Here's a simple example:
df = pl.DataFrame(
{
"frequency": [0.5, None, None, None],
"frequency_ref": ["a", "z", "a", "a"],
"a": [1, 2, 3, 4],
"z": [5, 6, 7, 8],
}
)
The resulting dataframe should look like this:
res = pl.DataFrame(
{
"frequency": [0.5, None, None, None],
"frequency_ref": ["a", "z", "a", "a"],
"a": [1, 2, 3, 4],
"z": [5, 6, 7, 8],
"res": [0.5, 6, 3, 4]
}
)
I tried to create a dynamic reference using a nested pl.col:
# Case 1) Fixed value is given
fixed_freq_condition = pl.col("frequency").is_not_null() & pl.col("frequency").is_not_nan()
# Case 2) Reference to distribution data is given
ref_freq_condition = pl.col("frequency_ref").is_not_null()
# Apply the conditions to calculate res
df = df.with_columns(
pl.when(fixed_freq_condition)
.then(pl.col("frequency"))
.when(ref_freq_condition)
.then(
pl.col(pl.col("frequency_ref"))
)
.otherwise(0.0)
.alias("res"),
)
Which fails with TypeError: invalid input for "col". Expected "str" or "DataType", got 'Expr'.
What works (but only as an intermediate solution) is by explicitly listing every possible column value in a very long when/then expression.

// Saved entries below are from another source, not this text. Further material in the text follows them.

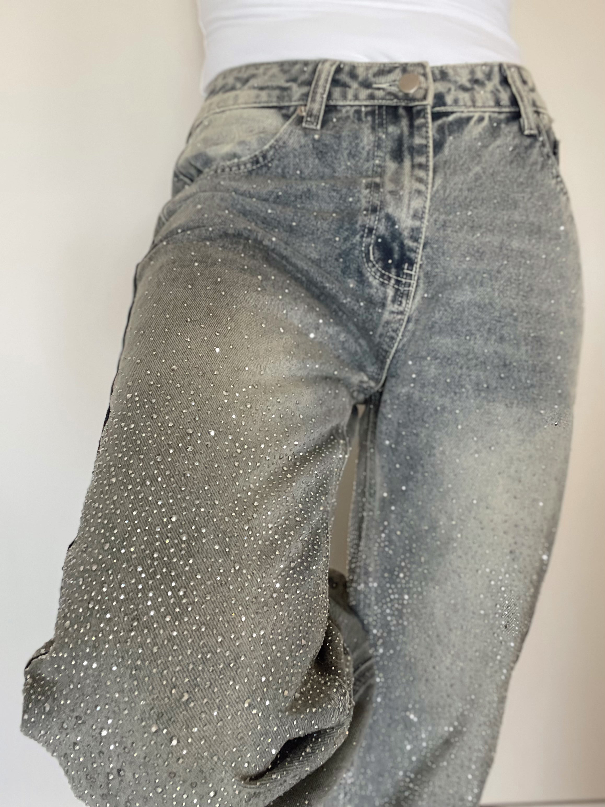 Un jean pensado para destacar. Este modelo de línea italiana combina la estructura clásica del denim rígido con un diseño moderno lleno de brillo que capta la luz en cada movimiento. Su tono óxido beige —una mezcla sofisticada entre beige y tonos tierra— lo convierte en una prenda diferente, elegante y fácil de combinar para looks nocturnos o outfits con personalidad.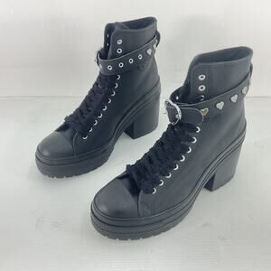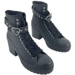 Converse Black Leather Hearts Platform Sneaker Boots Women’s Size 10.5 Preowned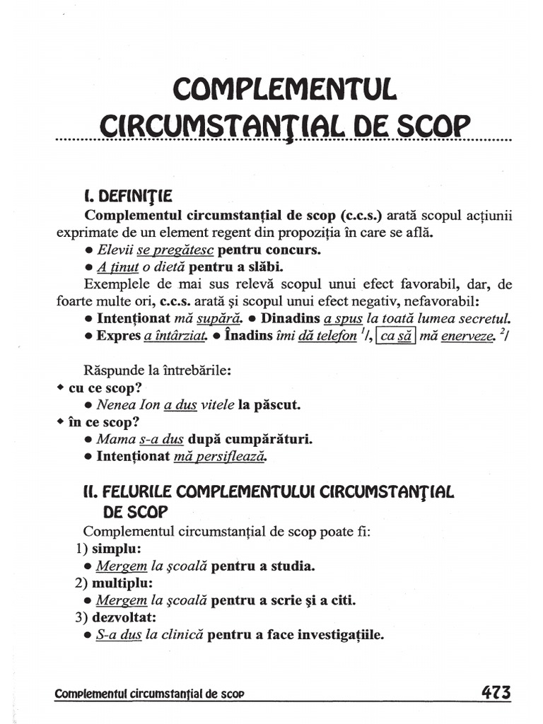 Propoziția circumstanțială de scop finală corelativele propoziției finale. Complementul circumstanțial de mod este complementul circumstanțial care arată cum se desfășoară o acțiune sau arată cum se înfățișează o însușire. Complementul cirumstanțial de timp se exprimă prin. Verb la infinitiv precedat de un grup de cuvinte cu valoare de.

This is far from optimal as the column names might change in the future and produces a lot of code repititon.
df = df.with_columns(
pl.when(fixed_freq_condition)
.then(pl.col("frequency"))
.when(pl.col("frequency_ref") == "a")
.then(pl.col("a"))
# ... more entries
.when(pl.col("frequency_ref") == "z")
.then(pl.col("z"))
.otherwise(0.0)
.alias("res"),
)
You could build the when/then in a loop:
freq_refs = df.get_column("frequency_ref")
expr = pl.when(False).then(None) # dummy starter value
for c in freq_refs:
expr = expr.when(pl.col("frequency_ref") == c).then(pl.col(c))
expr = expr.otherwise(0)
# Apply the conditions to calculate res
df = df.with_columns(
pl.when(fixed_freq_condition)
.then(pl.col("frequency"))
.when(ref_freq_condition)
.then(expr)
.otherwise(0.0)
.alias("res"),
)
df
shape: (4, 5)
┌───────────┬───────────────┬─────┬─────┬─────┐
│ frequency ┆ frequency_ref ┆ a ┆ b ┆ res │
│ --- ┆ --- ┆ --- ┆ --- ┆ --- │
│ i64 ┆ str ┆ i64 ┆ i64 ┆ f64 │
╞═══════════╪═══════════════╪═════╪═════╪═════╡
│ 1 ┆ a ┆ 1 ┆ 5 ┆ 1.0 │
│ null ┆ b ┆ 2 ┆ 6 ┆ 6.0 │
│ null ┆ a ┆ 3 ┆ 7 ┆ 3.0 │
│ null ┆ a ┆ 4 ┆ 8 ┆ 4.0 │
└───────────┴───────────────┴─────┴─────┴─────┘